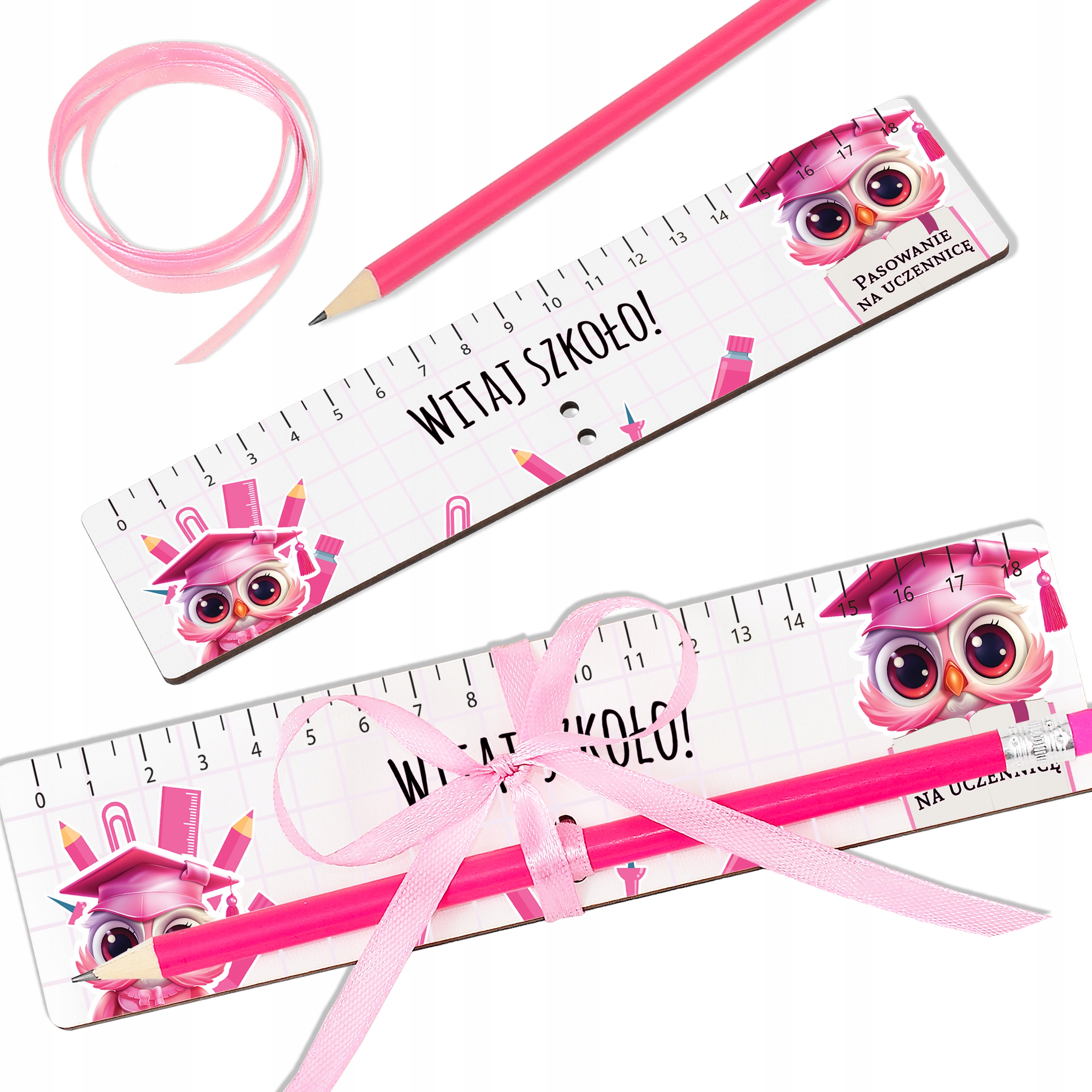 ✅ Набор: линейка, розовая лента и розовый карандаш.
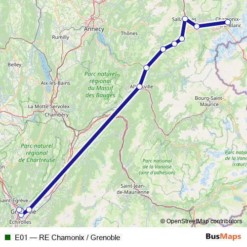 The first stop of the E01 bus route is Saint-Gervais-les-Bains-Le Fayet and the last stop is Grenoble. E01 (RE Chamonix / Grenoble) is operational during todos los días.
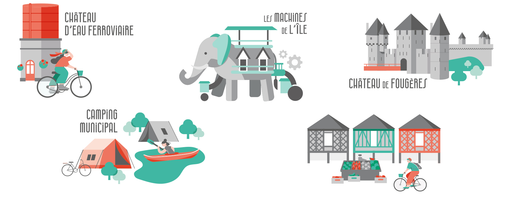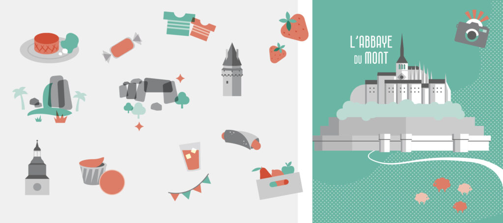 Pour conférer à la carte un aspect ludique et engageant, nous avons crée des illustrations flat et des pictogrammes personnalisés et tendances. Ces éléments graphiques ont été faits sur mesure pour représenter les points d’intérêt et les services clés de l’itinéraire.
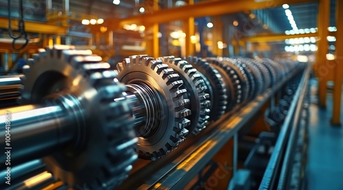 A factory production line with large gears and steel parts, representing the industrial theme of modern web design.
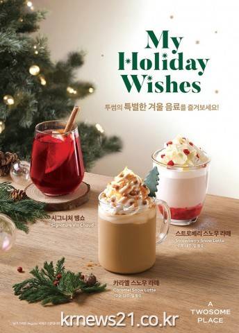 ‘카라멜 스노우 라떼’는 카페라떼에 마스카포네 치즈의 풍미를 더한 음료 위로 생크림을 올리고, 그 위에 크런치 알갱이와 트리 모양의 초콜릿을 토핑 해 낭만적인 크리스마스트리를 연상케 한다. ‘스트로베리 스노우 라떼’는 새콤달콤한 딸기와 고소한 우유를 혼합한 스트로베리 라떼 위에 푸짐하게 생크림을 얹고, 화이트 초콜릿 컬과 붉은색의 라즈베리를 올려 눈 내리는 화이트 크리스마스의 설레는 분위기를 선사한다. 투썸의 겨울 시그니처 음료인 ‘시그니처 뱅쇼’는 깊은 레드 와인의 맛과 달콤한 과일향이 조화롭게 어우러진 음료로 오렌지·레몬 등 상큼한 과일과 시나몬 스틱을 넣어 진하고 달콤 쌉싸름한 맛을 낸다. 특히 투썸플레이스의 뱅쇼는 무알콜로 출시돼 누구나 부담 없이 즐길 수 있는 것이 특징이다.
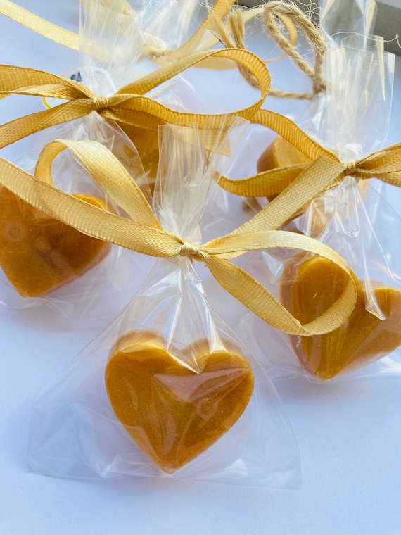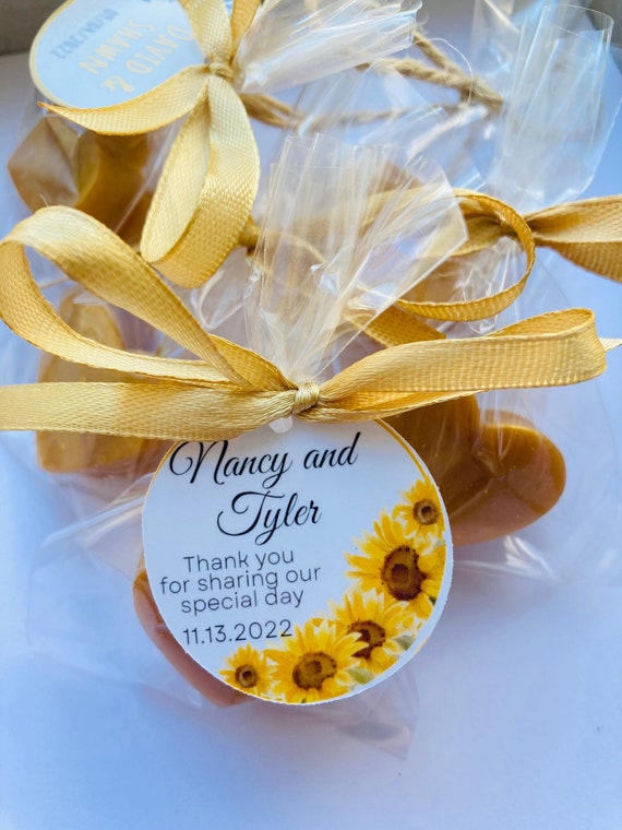 10 piezas de favores de boda de girasol, mini jabones de corazón de oro, favores de baby shower de tema de otoño pequeño, regalos de boda de campo rústico, favores amarillos -
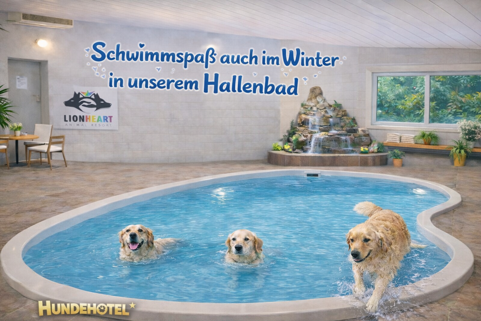 In unserem Hause ermöglichen wir Hundeschwimmen das ganze Jahr über. Im Winter steht unser beheiztes Hallenbad zur Verfügung, und im Sommer kann Ihr Hund das erfrischende Wasser in unserem BioTop genießen.
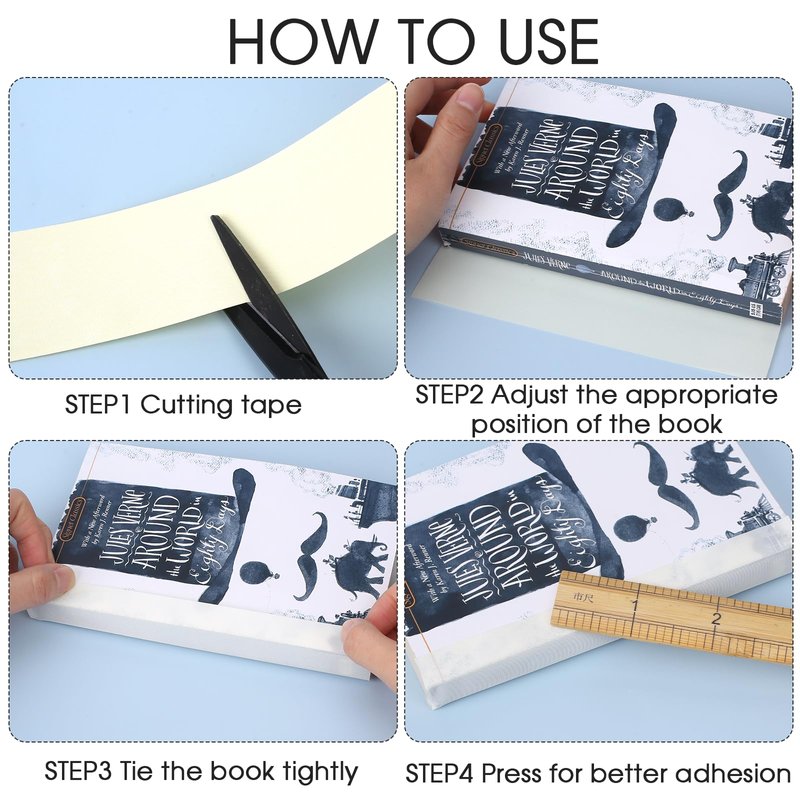 - Easy to Use:This book binding tape is very easy to use. You just need to take the appropriate length of tape according to the size of the book and stick it on the desired area.
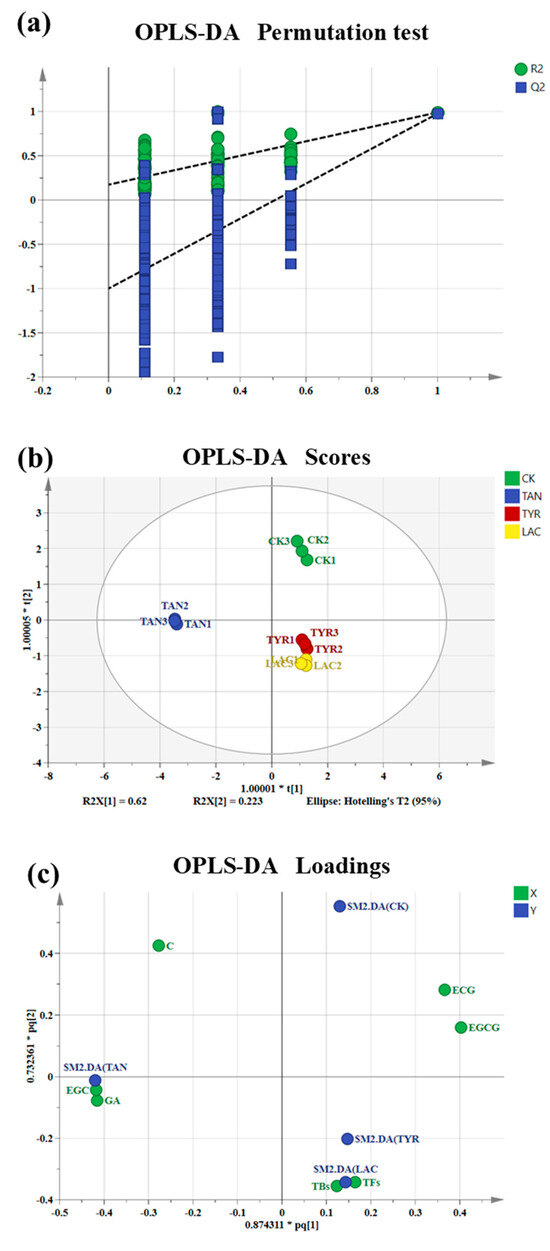 To better analyze the differences in the effects of tannase, tyrosinase, and laccase on Rock Tea extract, the OPLS-DA method was utilized in this study. Based on the contents of GA, EGCG, ECG, EGC, C, theaflavins, and thearubigins in the extract, the difference in the contribution rate of the three enzyme treatments to the extract components was analyzed. To verify the accuracy of the established OPLS-DA model, 200 permutation tests were performed for internal validation (Figure 11a). The permutation test results showed that R2 = (0.0, 0.173) and Q2 = (0.0, −1), where R2 < 0.4 and Q2 < 0.05. The slope was positive, and the regression line of Q2 intersected the vertical axis below the origin, indicating no overfitting of the model, making the results reliable [42]. The model scores chart, shown in Figure 11b, had values of R2x = 0.999, R2y = 0.989, and Q2 = 0.977, indicating a good fit to the model [1]. In the evaluation group, significant separation was observed between the different groups, indicating significant changes between the enzyme-treated samples and the control group. The changes caused by tyrosinase and laccase were similar; however, a considerable difference between tannase and the other two enzymes was observed. In the OPLS-DA loading diagram, tannase was the furthest away from and in the negative direction of EGCG and ECG, indicating that tannase effectively reduced the levels of these two gallated catechins. Moreover, the theaflavin and thearubigin contents were more closely related to those of tyrosinase and laccase (Figure 11c), likely because these two polyphenol oxidases significantly influence the formation of theaflavins and thearubigins.
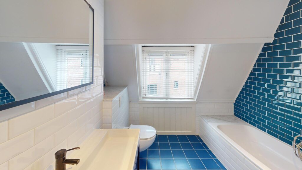 1e etage: overloop, 3 slaapkamers, kast met aansluiting wasmachine en cv-ketel, moderne badkamer met ligbad, inloopdouche, wastafel en toilet.

Exercise brief: In the printed copy, the material above must appear unchanged and without its pictures.

Your solution:
 ✅ Набор: линейка, розовая лента и розовый карандаш.
 The first stop of the E01 bus route is Saint-Gervais-les-Bains-Le Fayet and the last stop is Grenoble. E01 (RE Chamonix / Grenoble) is operational during todos los días.
 Pour conférer à la carte un aspect ludique et engageant, nous avons crée des illustrations flat et des pictogrammes personnalisés et tendances. Ces éléments graphiques ont été faits sur mesure pour représenter les points d’intérêt et les services clés de l’itinéraire.
 A factory production line with large gears and steel parts, representing the industrial theme of modern web design.
 ‘카라멜 스노우 라떼’는 카페라떼에 마스카포네 치즈의 풍미를 더한 음료 위로 생크림을 올리고, 그 위에 크런치 알갱이와 트리 모양의 초콜릿을 토핑 해 낭만적인 크리스마스트리를 연상케 한다. ‘스트로베리 스노우 라떼’는 새콤달콤한 딸기와 고소한 우유를 혼합한 스트로베리 라떼 위에 푸짐하게 생크림을 얹고, 화이트 초콜릿 컬과 붉은색의 라즈베리를 올려 눈 내리는 화이트 크리스마스의 설레는 분위기를 선사한다. 투썸의 겨울 시그니처 음료인 ‘시그니처 뱅쇼’는 깊은 레드 와인의 맛과 달콤한 과일향이 조화롭게 어우러진 음료로 오렌지·레몬 등 상큼한 과일과 시나몬 스틱을 넣어 진하고 달콤 쌉싸름한 맛을 낸다. 특히 투썸플레이스의 뱅쇼는 무알콜로 출시돼 누구나 부담 없이 즐길 수 있는 것이 특징이다.
 10 piezas de favores de boda de girasol, mini jabones de corazón de oro, favores de baby shower de tema de otoño pequeño, regalos de boda de campo rústico, favores amarillos -
 In unserem Hause ermöglichen wir Hundeschwimmen das ganze Jahr über. Im Winter steht unser beheiztes Hallenbad zur Verfügung, und im Sommer kann Ihr Hund das erfrischende Wasser in unserem BioTop genießen.
 - Easy to Use:This book binding tape is very easy to use. You just need to take the appropriate length of tape according to the size of the book and stick it on the desired area.
 To better analyze the differences in the effects of tannase, tyrosinase, and laccase on Rock Tea extract, the OPLS-DA method was utilized in this study. Based on the contents of GA, EGCG, ECG, EGC, C, theaflavins, and thearubigins in the extract, the difference in the contribution rate of the three enzyme treatments to the extract components was analyzed. To verify the accuracy of the established OPLS-DA model, 200 permutation tests were performed for internal validation (Figure 11a). The permutation test results showed that R2 = (0.0, 0.173) and Q2 = (0.0, −1), where R2 < 0.4 and Q2 < 0.05. The slope was positive, and the regression line of Q2 intersected the vertical axis below the origin, indicating no overfitting of the model, making the results reliable [42]. The model scores chart, shown in Figure 11b, had values of R2x = 0.999, R2y = 0.989, and Q2 = 0.977, indicating a good fit to the model [1]. In the evaluation group, significant separation was observed between the different groups, indicating significant changes between the enzyme-treated samples and the control group. The changes caused by tyrosinase and laccase were similar; however, a considerable difference between tannase and the other two enzymes was observed. In the OPLS-DA loading diagram, tannase was the furthest away from and in the negative direction of EGCG and ECG, indicating that tannase effectively reduced the levels of these two gallated catechins. Moreover, the theaflavin and thearubigin contents were more closely related to those of tyrosinase and laccase (Figure 11c), likely because these two polyphenol oxidases significantly influence the formation of theaflavins and thearubigins.
 1e etage: overloop, 3 slaapkamers, kast met aansluiting wasmachine en cv-ketel, moderne badkamer met ligbad, inloopdouche, wastafel en toilet.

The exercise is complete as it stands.